The city is a contested space; no one claims it as their own. The booksellers have their streets, the farmers their octagons, the po-faced brokers of finance their inscrutable towers. In the west live the old families, the poor families; in the north the wealthy, the selfish; to the east the newly-arrived, the wary. To the south is the sea.

The Place of Confinement

Annalise walked out of her home and saw her next-door neighbor Mrs. M. standing over a baby on the ground. ‘Is everything all right?’ Annalise asked. Mrs. M replied, ‘No, everything is not all right.’ Then Mrs. M. did the unthinkable. She put the gun to the baby and she shot it.

–17 December, 20–. Illinois.

Call it the keep, or the donjon. Call it durance vile, the tower, the monastery of St Mary-of-the-Woods. It is prison, torture cell, proving ground.

It is always in the distance: in the waste places of the earth, behind acres of barbed wire, concrete, dobermans and rottweilers. The rare traveler who braves this grim journey enters in and is seen no more. Strange shapes haunt these unwelcoming halls–ogres, sadists, military police. They are more than human, or less; they bristle with assault rifles, riot gear, black armor, serrated swords, leather wings and horns.

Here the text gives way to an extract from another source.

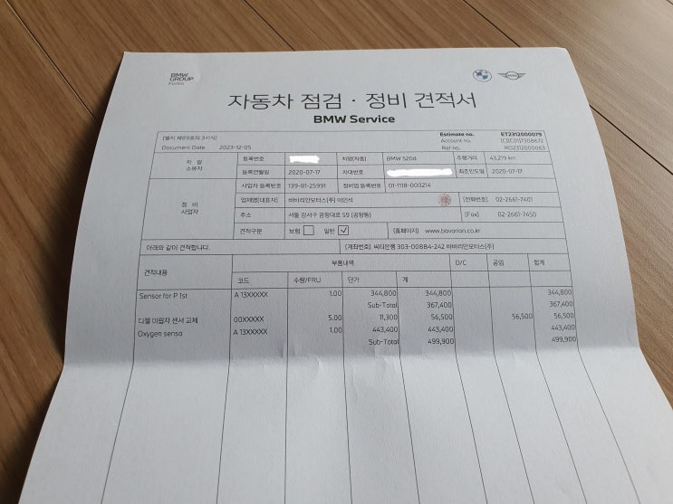 [G30 520d M] EGR 리콜, 디젤 미립자 센서, 람다 센서 리콜, 디퍼런셜 오일교환(feat. thx 강서 BMW 서비스센터)

The tortures they inflict are many, but without pattern. They do not punish, nor teach; nor do they inflict pain for their own dark pleasure — these pincers, these pears, these smoldering cages are no more than the working out of their inescapable natures. As the anthill to the ant, so the rack. So the whip. So the flensing knife.

They wear our faces and mirror our suffering back to us, but do not partake of it, do not truly understand it or us. We who are prisoned here, lucky few, struggle to anticipate their ways, which are of god and inhuman. We scry for signs, portents and conjunctions; build astrologies in the constellations of agony they flare upon our bodies.

In the end we die, or are driven forth, or rescued. We gather in the evenings, in smoke-filled bars, in sticky theaters, in well-lit empty parking lots to display our scars, our crippled limbs, these cryptic, silent, puckered mouths.